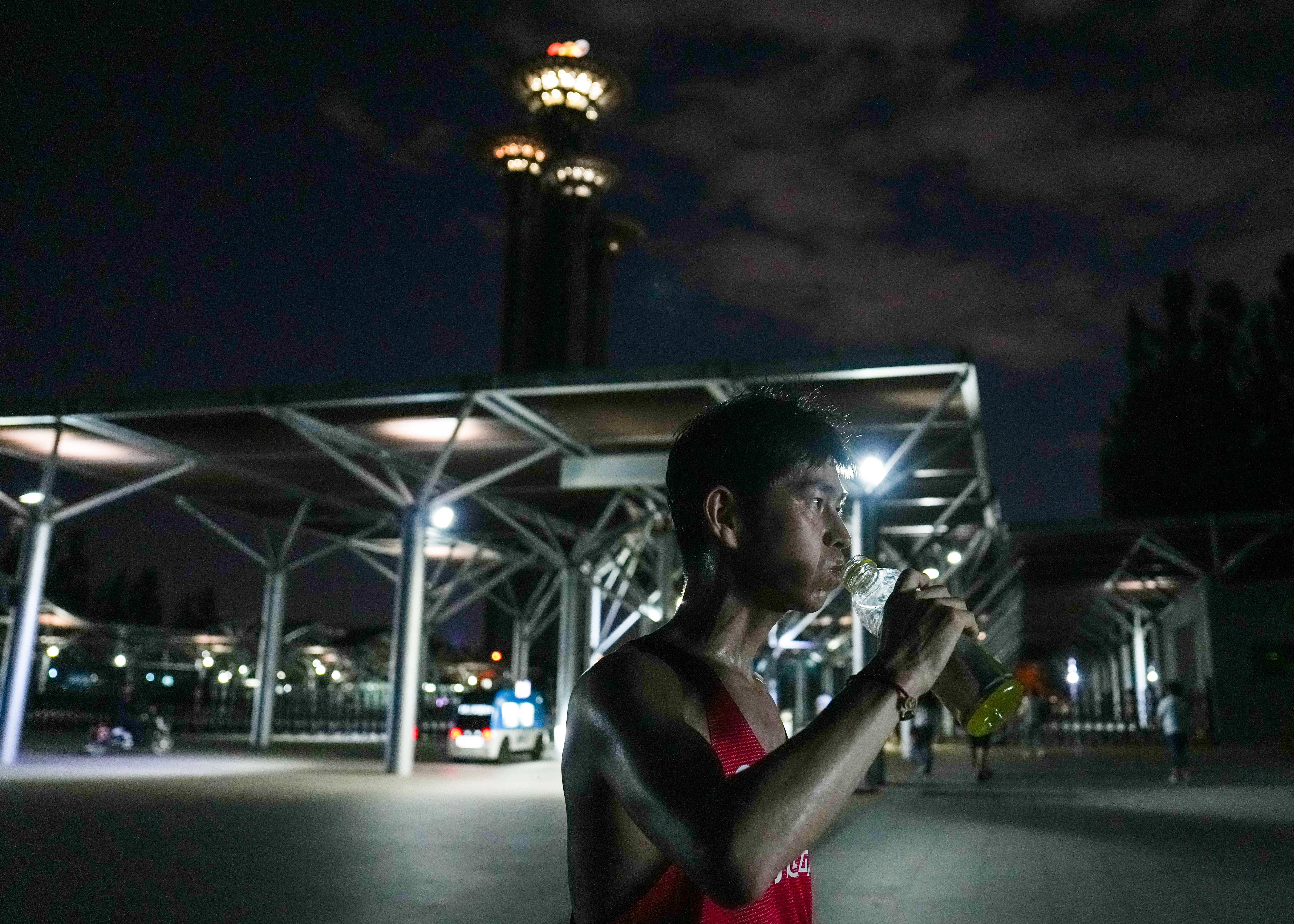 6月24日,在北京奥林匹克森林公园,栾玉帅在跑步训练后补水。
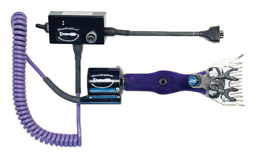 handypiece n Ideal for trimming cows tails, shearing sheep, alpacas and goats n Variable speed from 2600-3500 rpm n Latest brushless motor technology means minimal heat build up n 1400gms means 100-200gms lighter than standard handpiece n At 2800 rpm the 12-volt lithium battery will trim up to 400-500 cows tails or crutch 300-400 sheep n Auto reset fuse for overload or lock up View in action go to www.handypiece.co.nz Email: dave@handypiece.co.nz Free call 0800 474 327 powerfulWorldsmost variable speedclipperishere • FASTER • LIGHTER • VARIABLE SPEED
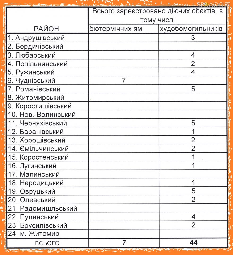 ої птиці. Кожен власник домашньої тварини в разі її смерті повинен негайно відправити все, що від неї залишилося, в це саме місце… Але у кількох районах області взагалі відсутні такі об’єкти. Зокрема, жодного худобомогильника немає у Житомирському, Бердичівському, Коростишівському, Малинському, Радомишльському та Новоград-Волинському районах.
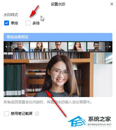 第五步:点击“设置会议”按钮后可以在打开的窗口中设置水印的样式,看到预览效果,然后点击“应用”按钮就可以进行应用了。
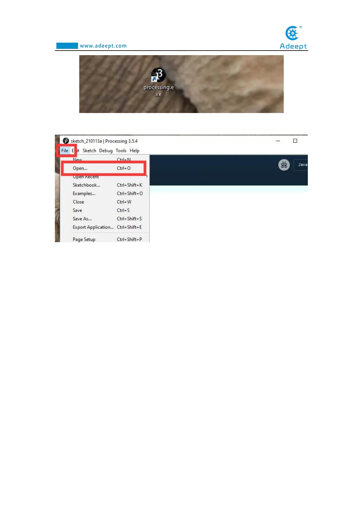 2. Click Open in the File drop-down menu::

= = = =

What is expected:
Keep pictures out and return the lines from the one containing "ої птиці. Кожен" through the end of the listing, both included, character for character.

Answer box:
 ої птиці. Кожен власник домашньої тварини в разі її смерті повинен негайно відправити все, що від неї залишилося, в це саме місце… Але у кількох районах області взагалі відсутні такі об’єкти. Зокрема, жодного худобомогильника немає у Житомирському, Бердичівському, Коростишівському, Малинському, Радомишльському та Новоград-Волинському районах.
 第五步:点击“设置会议”按钮后可以在打开的窗口中设置水印的样式,看到预览效果,然后点击“应用”按钮就可以进行应用了。
 2. Click Open in the File drop-down menu::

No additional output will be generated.